Description of the task
Every record should be copied exactly, and the images omitted.
[[ Provided records, beginning ]]
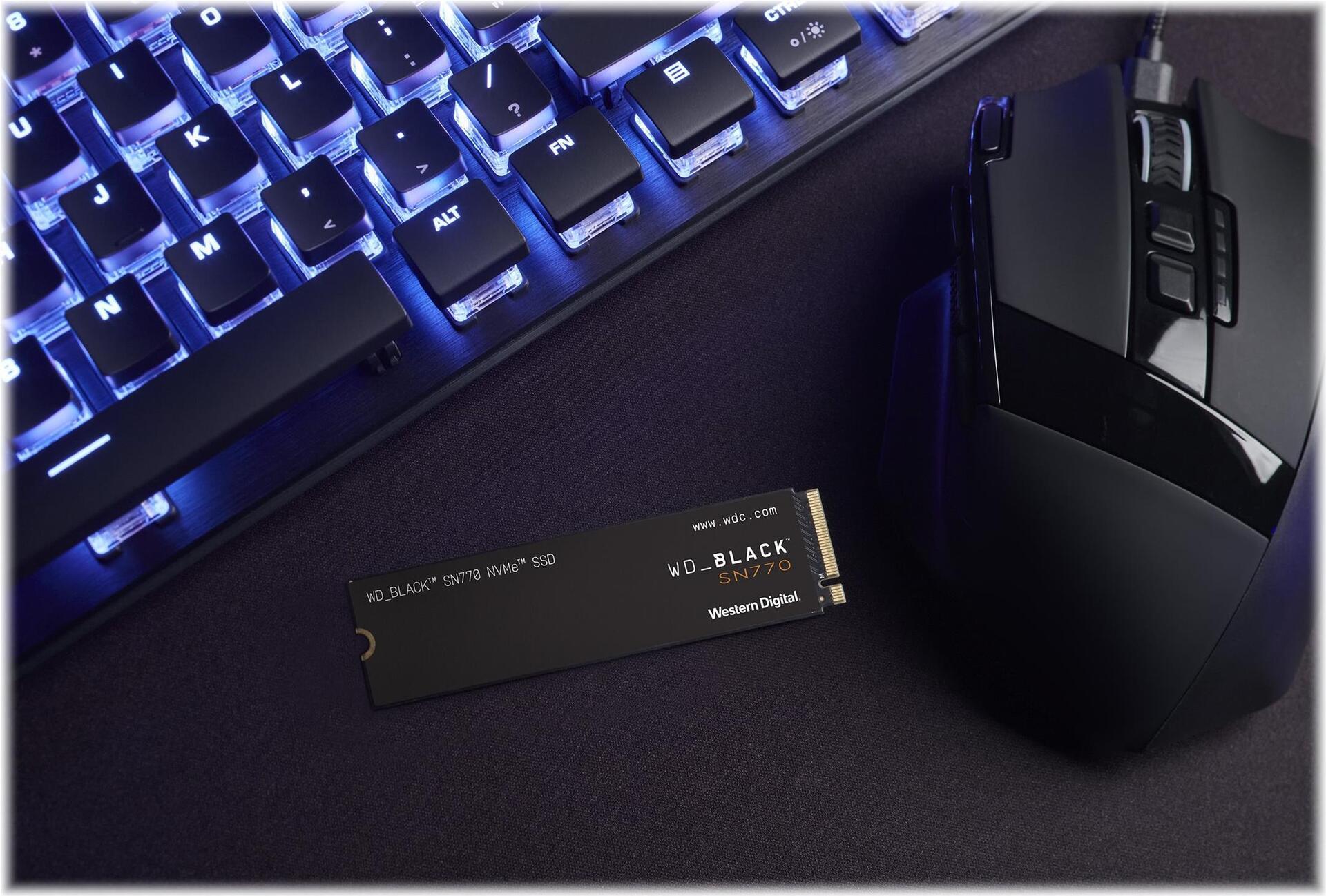Die WD BLACK SN770 NVMe SSD sorgt für noch schnelleres Gaming. Erleben Sie jetzt eine komplett auf Gaming ausgelegte SSD mit bis zu 40% höherer Geschwindigkeit und 20% höherer Energieeffizienz bei maximaler Geschwindigkeit als bei der Vorgängergeneration. Tauchen Sie in rasante Action ein, ohne durch lästige Ladezeiten ausgebremst zu werden. Die PCIe Gen 4-Schnittstelle ist mit führenden CPU- und Motherboard-Plattformen kompatibel sowie abwärtskompatibel mit PCIe Gen 3 und sorgt für rasante Geschwindigkeiten von bis zu 5.150 MB/s. Das bedeutet weniger Wartezeit und mehr Spielspaß und Streamen Ihrer Lieblingsspiele. Mit Kapazitäten von bis zu 2 TB können Sie mehr Spiele speichern und haben genügend freien Speicherplatz für zukünftige Updates und herunterladbare Inhalte. Diese geballte Leistung steckt in einer zuverlässigen SSD, die speziell für Gamer wie Sie designt und entwickelt wurde.
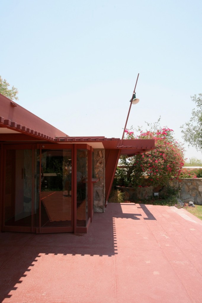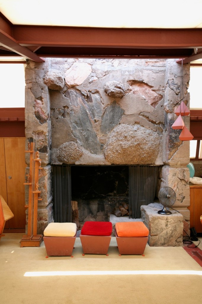 The campus was built tucked into the foothills on the outskirts of Phoenix. The actual forms, the walls, are strikingly beautiful, built with rocks found on site and concrete, making the building truly one with its land, as all organic desert modern structures should be. The most exciting thing about the design, to me, are the abundance of crazy angles. (And abundance of fireplaces…) Unexpected and wacky angles jut out all over the place. Even in doorways. And the doors are all short. FLW was a short guy and didn’t consider the height/comfort of those taller than him…or maybe it’s all just part of his compression/release masterplan.
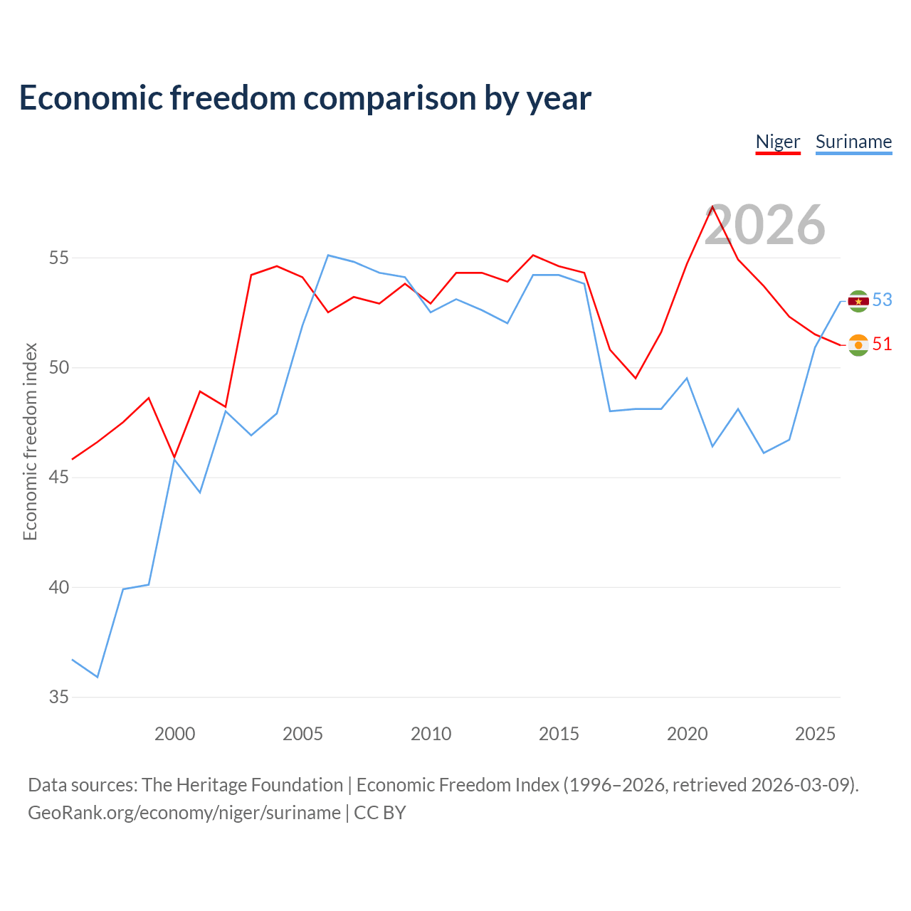 The Economic Freedom Index for Niger is 51, ranking 156/197, compared to 53 for Suriname, ranking 143/197. The chart above displays a comparison of annual changes in economic freedom indexes.
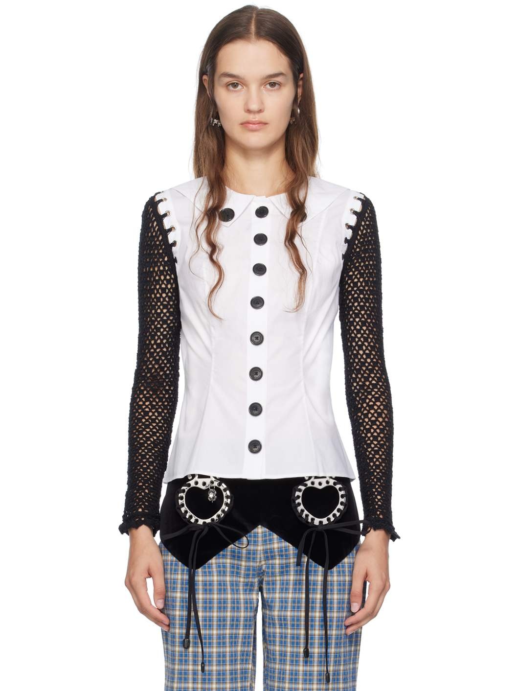 Organic cotton poplin and crocheted cotton shirt. · Button hardware and graphic appliques at sailor collar · Button closure · Eyelets at armscyes Supplier color: White Body 1: 100% organic cotton. Body 2: 100% cotton. Made in Bulgaria 242529F109004
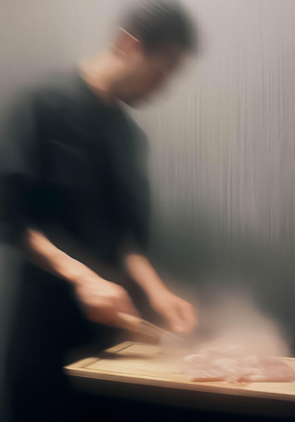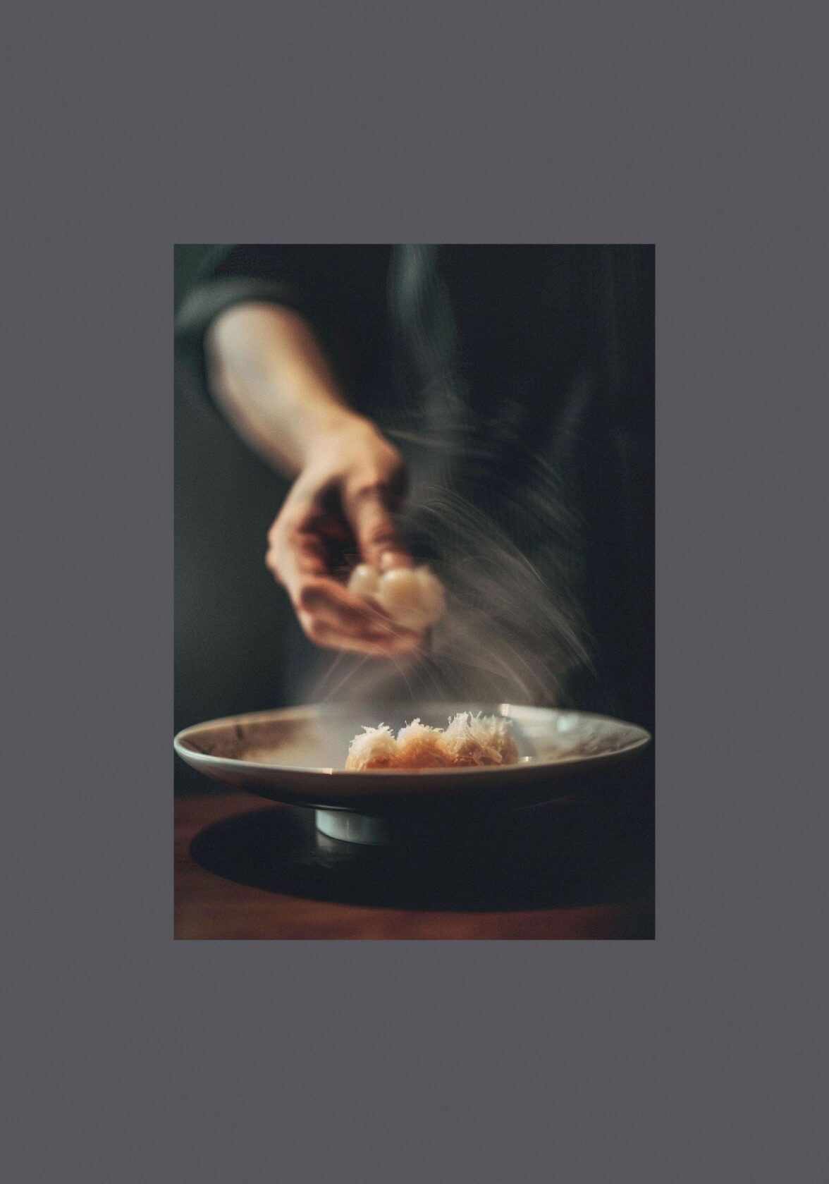 Изображения построены по принципу размытости и частичной абстракции: видно силуэты поваров, подачу блюд, отражения света —, но лица, детали, чёткость отсутствуют. Картинка как бы вибрирует, создавая ощущение движения, момента, воспоминания.Это не просто стилистический выбор, а продолжение позиционирования: фотографии как визуальные «нацукаши» — намёк на вкус, звук, тепло, а не их прямое воспроизведение.
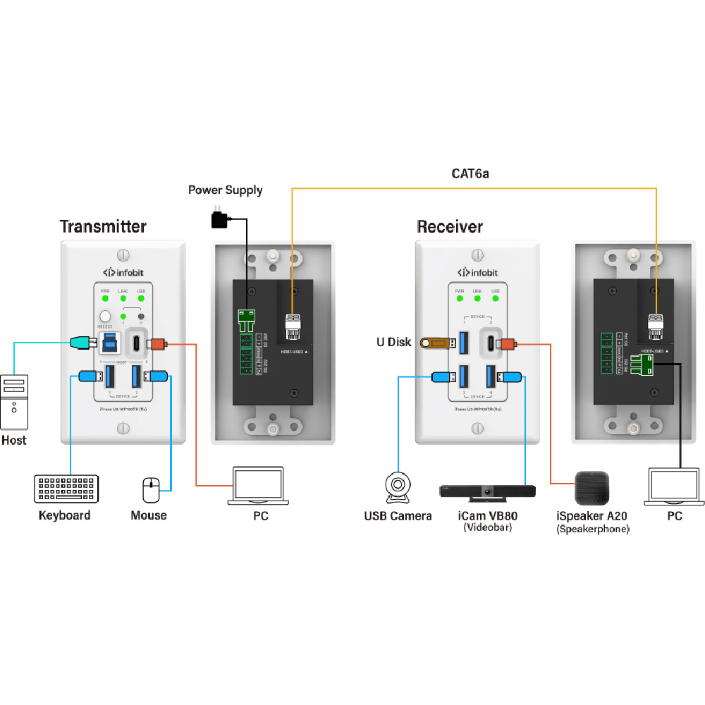 - Förlängning av USB 3.2 Gen 1 upp till 100m/328ft över CAT6a-kabel
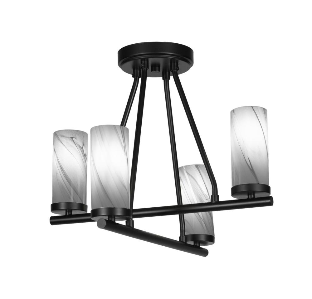 Toltec Lighting 2807-MB-802B Trinity 4 Light Semi-Flush Shown In Matte Black Finish With 2.5? Onyx Swirl Glass
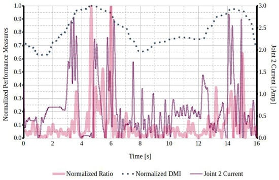 Building on previous findings, the performance measures identified task segments with higher torque-to-acceleration ratios, which exhibited larger TCP accelerations and increased joint currents. To examine these effects on joint controller efficiency, only current data from the second active joint were analyzed, as it bore the primary load for achieving the desired task path.
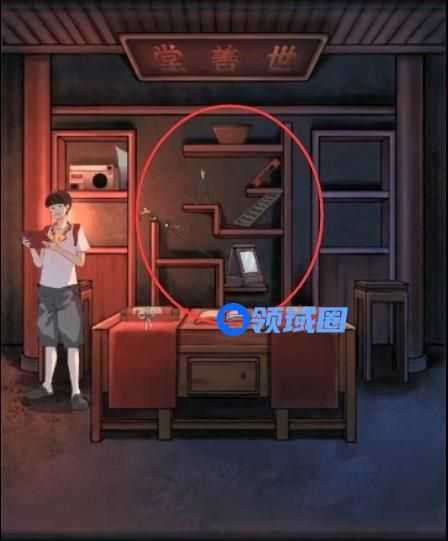 用钥匙打开庭院左边的门找到【电池】【镜子】【嫁衣】,把电池装到收音机上调到35.4得到【红色指针】,红色指针装到左边房间衣柜的盒子里按照【蓝色两点黄色六点红色九点】打开盒子得到【一半玉佩】。
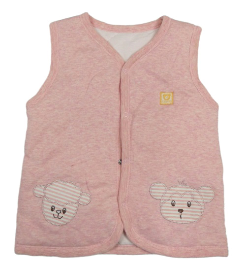 Ružová melírovaná tepláková zateplená vesta s medvěďom a ovcí
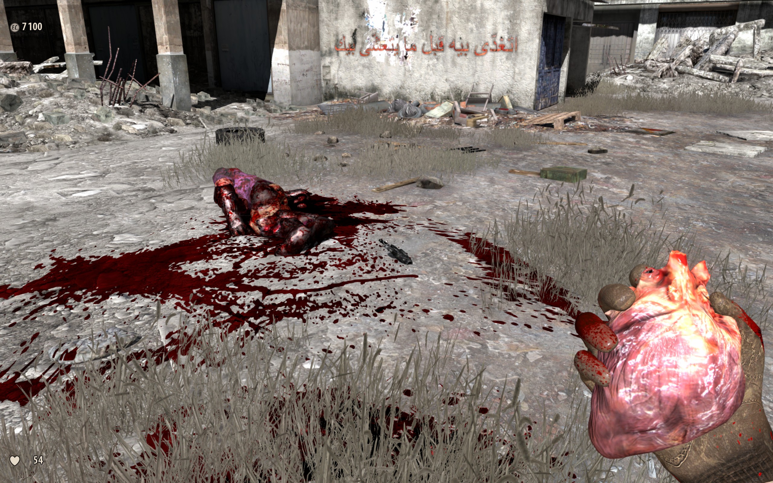 When you start feeling confident in managing these varying strategies, the game throws its first major boss at you: a huge, red, scorpion-like creature armed with machine guns for hands. This creature towers over you as you dodge it’s attacks and throw shotgun pellets into its flesh. It becomes a battle of attrition, but eventually, it dies, and you progress to the next part of your mission.
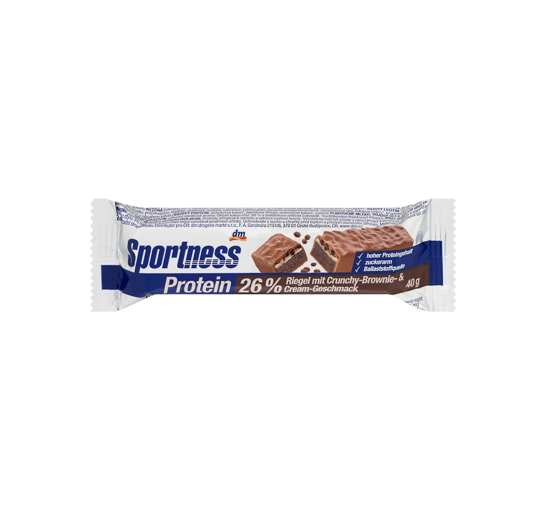 High protein content, low sugar, source of fiber, with crunchy brownie cream flavor. The low-sugar Sportness protein bar with crunchy brownie & cream flavor impresses with a high protein con...
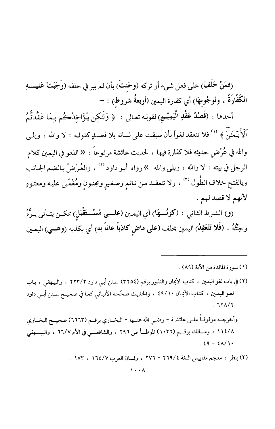 (¬2) في باب لغو اليمين، كتاب الأيمان والنذور برقم (3254) سنن أبي داود 3/ 223، والبيهقي، باب لغو اليمين، كتاب الأيمان 10/ 49، والحديث صحّحه الألباني كما في صحيح سنن أبي داود 2/ 628.
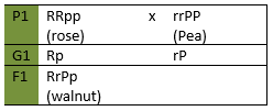 Ayam jantan berpial Ros disilangkan dengan ayam betina berpial Biji menghasilkan keturunan F1 bergenotip RrPp. Jika keturunan F1 (RrPp = walnut) disilangkan sesamanya (RrPp), kemungkinan Fenotip yang muncul dari persilangan tersebut adalah....
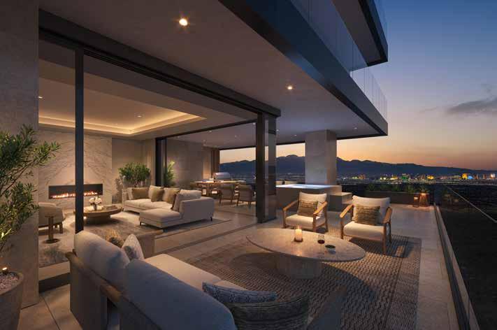 The contemporary residences range from 2,279 to 8,349 square feet of interior space, complemented by expansive exterior spaces ranging from 627 to 3,555 square feet. They are designed to seamlessly blend indoor and outdoor living, offering thoughtfully designed features and touchpoints. Residents will enjoy outdoor dining and grill areas, the convenience of semi-private elevators, private garages, and fully furnished interiors that boast epicurean kitchens and spa-inspired bathrooms. The sweeping cinematic views of the Spring Mountain Range and the Las Vegas Strip will take your breath away.
[[ Provided records, end ]]
Response to the task
Die WD BLACK SN770 NVMe SSD sorgt für noch schnelleres Gaming. Erleben Sie jetzt eine komplett auf Gaming ausgelegte SSD mit bis zu 40% höherer Geschwindigkeit und 20% höherer Energieeffizienz bei maximaler Geschwindigkeit als bei der Vorgängergeneration. Tauchen Sie in rasante Action ein, ohne durch lästige Ladezeiten ausgebremst zu werden. Die PCIe Gen 4-Schnittstelle ist mit führenden CPU- und Motherboard-Plattformen kompatibel sowie abwärtskompatibel mit PCIe Gen 3 und sorgt für rasante Geschwindigkeiten von bis zu 5.150 MB/s. Das bedeutet weniger Wartezeit und mehr Spielspaß und Streamen Ihrer Lieblingsspiele. Mit Kapazitäten von bis zu 2 TB können Sie mehr Spiele speichern und haben genügend freien Speicherplatz für zukünftige Updates und herunterladbare Inhalte. Diese geballte Leistung steckt in einer zuverlässigen SSD, die speziell für Gamer wie Sie designt und entwickelt wurde.
 The campus was built tucked into the foothills on the outskirts of Phoenix. The actual forms, the walls, are strikingly beautiful, built with rocks found on site and concrete, making the building truly one with its land, as all organic desert modern structures should be. The most exciting thing about the design, to me, are the abundance of crazy angles. (And abundance of fireplaces…) Unexpected and wacky angles jut out all over the place. Even in doorways. And the doors are all short. FLW was a short guy and didn’t consider the height/comfort of those taller than him…or maybe it’s all just part of his compression/release masterplan.
 The Economic Freedom Index for Niger is 51, ranking 156/197, compared to 53 for Suriname, ranking 143/197. The chart above displays a comparison of annual changes in economic freedom indexes.
 Organic cotton poplin and crocheted cotton shirt. · Button hardware and graphic appliques at sailor collar · Button closure · Eyelets at armscyes Supplier color: White Body 1: 100% organic cotton. Body 2: 100% cotton. Made in Bulgaria 242529F109004
 Изображения построены по принципу размытости и частичной абстракции: видно силуэты поваров, подачу блюд, отражения света —, но лица, детали, чёткость отсутствуют. Картинка как бы вибрирует, создавая ощущение движения, момента, воспоминания.Это не просто стилистический выбор, а продолжение позиционирования: фотографии как визуальные «нацукаши» — намёк на вкус, звук, тепло, а не их прямое воспроизведение.
 - Förlängning av USB 3.2 Gen 1 upp till 100m/328ft över CAT6a-kabel
 Toltec Lighting 2807-MB-802B Trinity 4 Light Semi-Flush Shown In Matte Black Finish With 2.5? Onyx Swirl Glass
 Building on previous findings, the performance measures identified task segments with higher torque-to-acceleration ratios, which exhibited larger TCP accelerations and increased joint currents. To examine these effects on joint controller efficiency, only current data from the second active joint were analyzed, as it bore the primary load for achieving the desired task path.
 用钥匙打开庭院左边的门找到【电池】【镜子】【嫁衣】,把电池装到收音机上调到35.4得到【红色指针】,红色指针装到左边房间衣柜的盒子里按照【蓝色两点黄色六点红色九点】打开盒子得到【一半玉佩】。
 Ružová melírovaná tepláková zateplená vesta s medvěďom a ovcí
 When you start feeling confident in managing these varying strategies, the game throws its first major boss at you: a huge, red, scorpion-like creature armed with machine guns for hands. This creature towers over you as you dodge it’s attacks and throw shotgun pellets into its flesh. It becomes a battle of attrition, but eventually, it dies, and you progress to the next part of your mission.
 High protein content, low sugar, source of fiber, with crunchy brownie cream flavor. The low-sugar Sportness protein bar with crunchy brownie & cream flavor impresses with a high protein con...
 (¬2) في باب لغو اليمين، كتاب الأيمان والنذور برقم (3254) سنن أبي داود 3/ 223، والبيهقي، باب لغو اليمين، كتاب الأيمان 10/ 49، والحديث صحّحه الألباني كما في صحيح سنن أبي داود 2/ 628.
 Ayam jantan berpial Ros disilangkan dengan ayam betina berpial Biji menghasilkan keturunan F1 bergenotip RrPp. Jika keturunan F1 (RrPp = walnut) disilangkan sesamanya (RrPp), kemungkinan Fenotip yang muncul dari persilangan tersebut adalah....
 The contemporary residences range from 2,279 to 8,349 square feet of interior space, complemented by expansive exterior spaces ranging from 627 to 3,555 square feet. They are designed to seamlessly blend indoor and outdoor living, offering thoughtfully designed features and touchpoints. Residents will enjoy outdoor dining and grill areas, the convenience of semi-private elevators, private garages, and fully furnished interiors that boast epicurean kitchens and spa-inspired bathrooms. The sweeping cinematic views of the Spring Mountain Range and the Las Vegas Strip will take your breath away.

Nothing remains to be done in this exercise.